> [Task directions] The answer must be an exact copy of the lines from the one with "星辰大海-G调原版-黄霄云弹" through the final line below, with no pictures and nothing else.

> [Dataset extract]
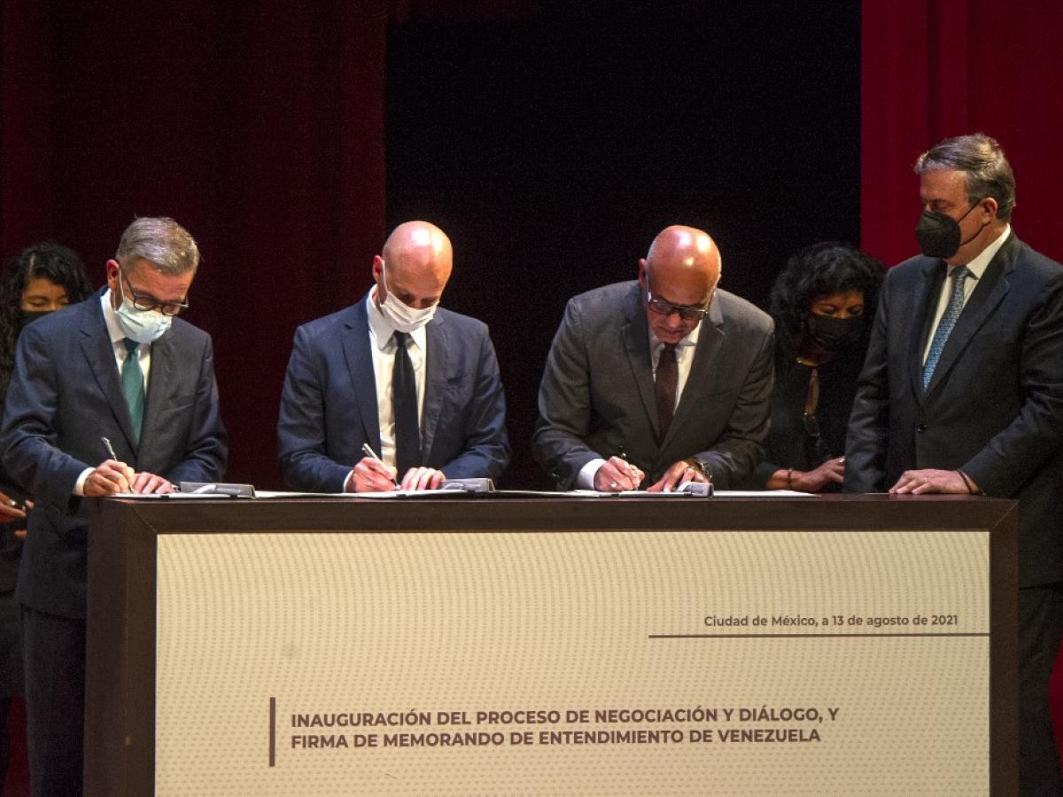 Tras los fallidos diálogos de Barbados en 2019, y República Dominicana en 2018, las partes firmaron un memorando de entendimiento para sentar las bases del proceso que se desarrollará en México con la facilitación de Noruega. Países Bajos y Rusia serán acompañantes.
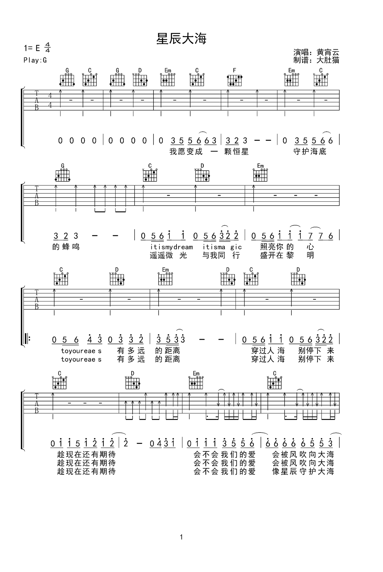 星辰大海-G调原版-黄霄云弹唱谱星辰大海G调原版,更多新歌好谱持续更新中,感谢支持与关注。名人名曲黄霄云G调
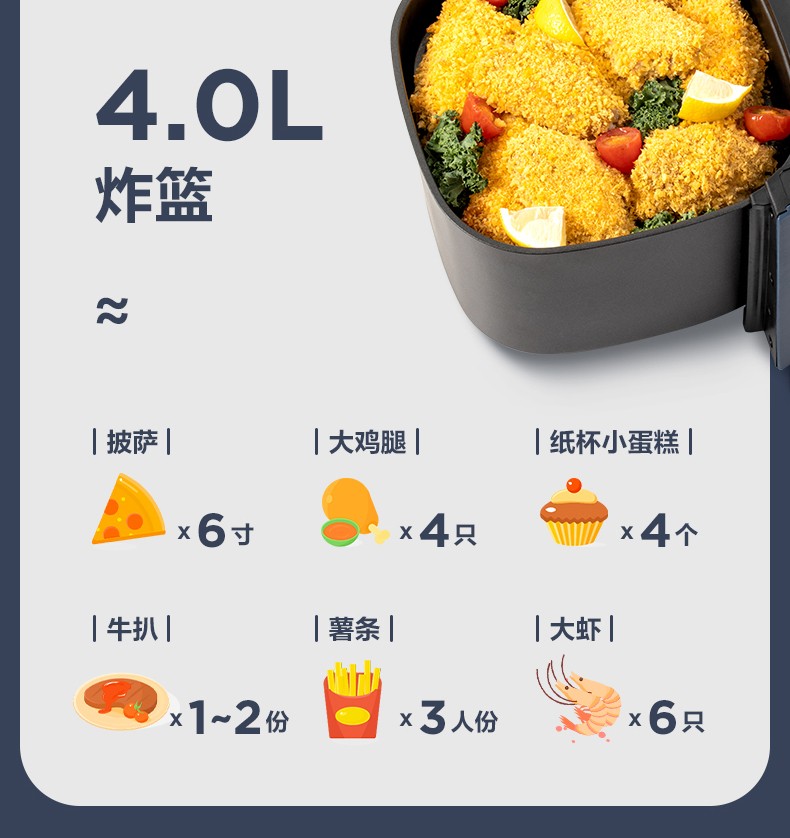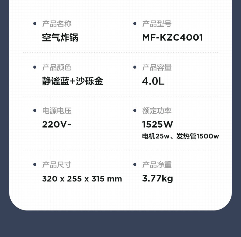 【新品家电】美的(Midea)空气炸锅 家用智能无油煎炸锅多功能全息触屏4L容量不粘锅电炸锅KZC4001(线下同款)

> [Solution below]
 星辰大海-G调原版-黄霄云弹唱谱星辰大海G调原版,更多新歌好谱持续更新中,感谢支持与关注。名人名曲黄霄云G调
 【新品家电】美的(Midea)空气炸锅 家用智能无油煎炸锅多功能全息触屏4L容量不粘锅电炸锅KZC4001(线下同款)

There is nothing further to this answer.